→ TASK OBJECTIVE
Repeat only the lines below that run from the line with "un precio accesible." to the line with "Sada pozostávajúca zo", ends included; skip every picture.

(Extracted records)
● ● ● ● ● ● ●
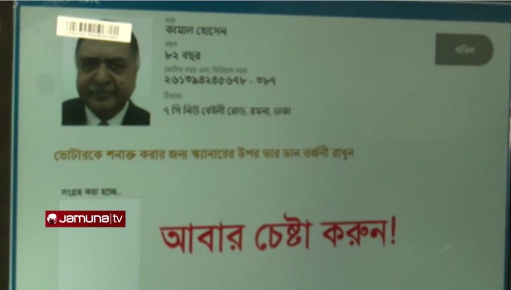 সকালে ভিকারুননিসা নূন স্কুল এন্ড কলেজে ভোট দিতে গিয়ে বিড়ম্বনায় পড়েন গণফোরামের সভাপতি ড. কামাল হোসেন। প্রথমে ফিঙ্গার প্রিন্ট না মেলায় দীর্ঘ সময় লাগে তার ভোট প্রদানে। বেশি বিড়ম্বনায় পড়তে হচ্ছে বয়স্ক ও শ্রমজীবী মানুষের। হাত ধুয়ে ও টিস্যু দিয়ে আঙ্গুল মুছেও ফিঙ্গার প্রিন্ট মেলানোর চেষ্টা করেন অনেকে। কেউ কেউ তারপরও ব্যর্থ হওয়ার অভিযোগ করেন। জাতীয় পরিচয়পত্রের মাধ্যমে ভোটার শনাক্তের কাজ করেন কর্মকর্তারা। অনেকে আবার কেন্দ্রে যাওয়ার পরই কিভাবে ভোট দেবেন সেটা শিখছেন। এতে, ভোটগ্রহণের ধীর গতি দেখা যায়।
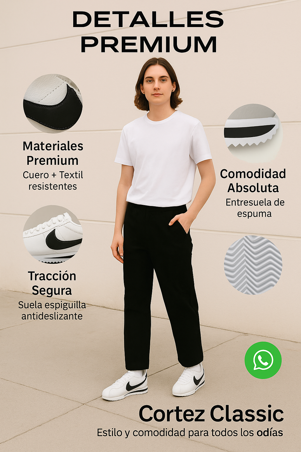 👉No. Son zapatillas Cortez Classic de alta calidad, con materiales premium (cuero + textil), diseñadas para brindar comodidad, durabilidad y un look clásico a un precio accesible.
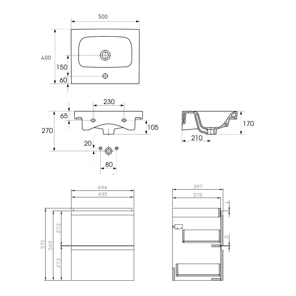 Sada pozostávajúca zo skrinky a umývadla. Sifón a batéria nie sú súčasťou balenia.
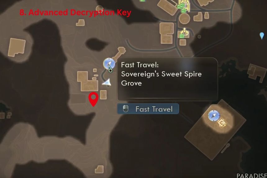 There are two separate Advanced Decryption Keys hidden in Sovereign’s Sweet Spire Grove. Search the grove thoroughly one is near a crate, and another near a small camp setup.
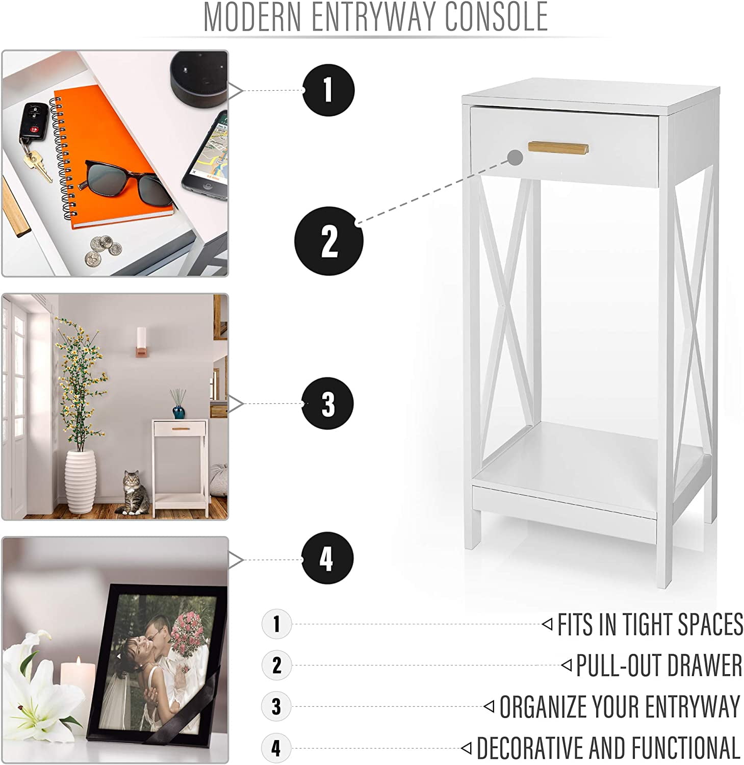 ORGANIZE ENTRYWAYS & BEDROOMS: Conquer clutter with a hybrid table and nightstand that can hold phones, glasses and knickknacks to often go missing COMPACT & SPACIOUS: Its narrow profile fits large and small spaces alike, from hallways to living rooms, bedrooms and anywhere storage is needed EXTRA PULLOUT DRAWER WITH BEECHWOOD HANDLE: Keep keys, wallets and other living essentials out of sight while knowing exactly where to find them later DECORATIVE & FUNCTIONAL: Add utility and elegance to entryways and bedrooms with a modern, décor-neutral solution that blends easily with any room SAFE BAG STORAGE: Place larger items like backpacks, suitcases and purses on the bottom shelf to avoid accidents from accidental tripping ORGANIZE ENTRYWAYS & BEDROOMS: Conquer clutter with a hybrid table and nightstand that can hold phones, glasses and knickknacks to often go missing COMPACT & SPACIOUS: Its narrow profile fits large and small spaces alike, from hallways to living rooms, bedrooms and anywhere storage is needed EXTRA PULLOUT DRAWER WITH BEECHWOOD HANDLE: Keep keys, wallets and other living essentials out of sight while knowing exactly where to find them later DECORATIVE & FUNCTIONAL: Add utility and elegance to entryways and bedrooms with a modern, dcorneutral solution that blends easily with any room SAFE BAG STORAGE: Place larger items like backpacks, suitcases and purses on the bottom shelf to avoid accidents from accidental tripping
● ● ● ● ● ● ●
→ ANSWER FOR THE TASK
 👉No. Son zapatillas Cortez Classic de alta calidad, con materiales premium (cuero + textil), diseñadas para brindar comodidad, durabilidad y un look clásico a un precio accesible.
 Sada pozostávajúca zo skrinky a umývadla. Sifón a batéria nie sú súčasťou balenia.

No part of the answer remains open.